Undoing the Cages
There is no feminism that does not understand Muslim women. There is no anti-racism that does not understand Arab men. There is no anti-ableism that does not understand the Global South.
A feminism that ignores Muslim women or claims to liberate them without listening to them reproduces colonial logics that have always sought to define freedom for them by erasing their voices and experiences. Too often trapped in simplistic stereotypes, they are seen either as passive victims of a cruel and archaic patriarchy or as dangers to be fought against in the name of modernity. It never takes into account their own political struggles, survival strategies, or their refusal to conform to white, secular, and Western norms. Refusing to include this diversity perpetuates symbolic violence that cuts into bodies and minds, a violence rooted in the coloniality of power and knowledge. Whether veiled or not, cis, trans, queer, racialized, Muslim women have always invented subversive forms of resistance often invisibilized or co-opted by dominant currents. Feminism that forgets or reduces them perpetuates the systems of oppression it claims to fight.
Dominant anti-racism often constructs Arab men as figures to be rejected. It never sees them in their full human, emotional, and political complexity. They are trapped in binary and stigmatizing roles. They are either sexist oppressors who need to be reeducated or terrorist threats to be neutralized. These narratives justify the violence of a state that manufactures Arab masculinities through police controls, social exclusions, racial profiling, and state Islamophobia. They make invisible the vulnerabilities, struggles, and diverse subjectivities of these men. They also obscure their economic precarity, the devastating effects of racism on their mental health, and their capacity to create solidarities. Anti-racism that does not deconstruct these representations only reinforces the colonial hierarchy of races and genders, producing internal fractures within popular struggles. To be radical, anti-racism must interrogate the political and social construction of Arab masculinities, fight against repressive policies, and recognize that these men suffer a double violence, racial and patriarchal, resulting in systematic marginalisation.

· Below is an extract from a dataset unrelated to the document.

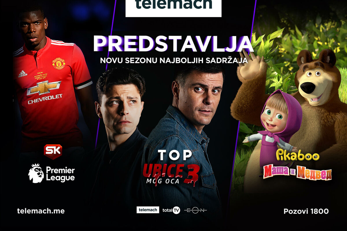 Nove sezone Ubica mog oca i Sjenki nad Balkanom, nova serija Dragana Bjelogrlića Žigosani u reketu, utakmice UEFA Lige Nacija, Maša i medved, Pepa Prase, Patrolne šape gledajte već u osnovnoj ponudi Telemach-a! Istovremeno, Telemach standardne TV pakete obogaćuje i dodatnim filmskim i dječijim kanalima.

Anti-ableism cannot be reduced to a critique of bodily norms in white Western societies. In the Global South, disability is often the direct consequence of systemic violences. Neocolonial wars, famines caused by austerity and resource extraction policies, imperialist bombings, and destruction of health and social infrastructures all contribute. Maimed, poisoned, abandonned bodies are the visible results of this global violence that classifies some lives as disposable or useless. These violences simultaneously construct the comfort and protection of wealthy societies, where so-called ableist norms can be questioned from a relative privilege. Our way of life largely depends on the exploitation of the Global South, whether through labour, resource extraction, or outsourced pollution. Ignoring this global dimension produces an anti-ableism disconnected from the material realities that shape disability in much of the world. To be coherent, anti-ableism must be thought in alliance with decolonial and anti-capitalist struggles, examining how global systems produce and maintain bodily, social, and political inequalities.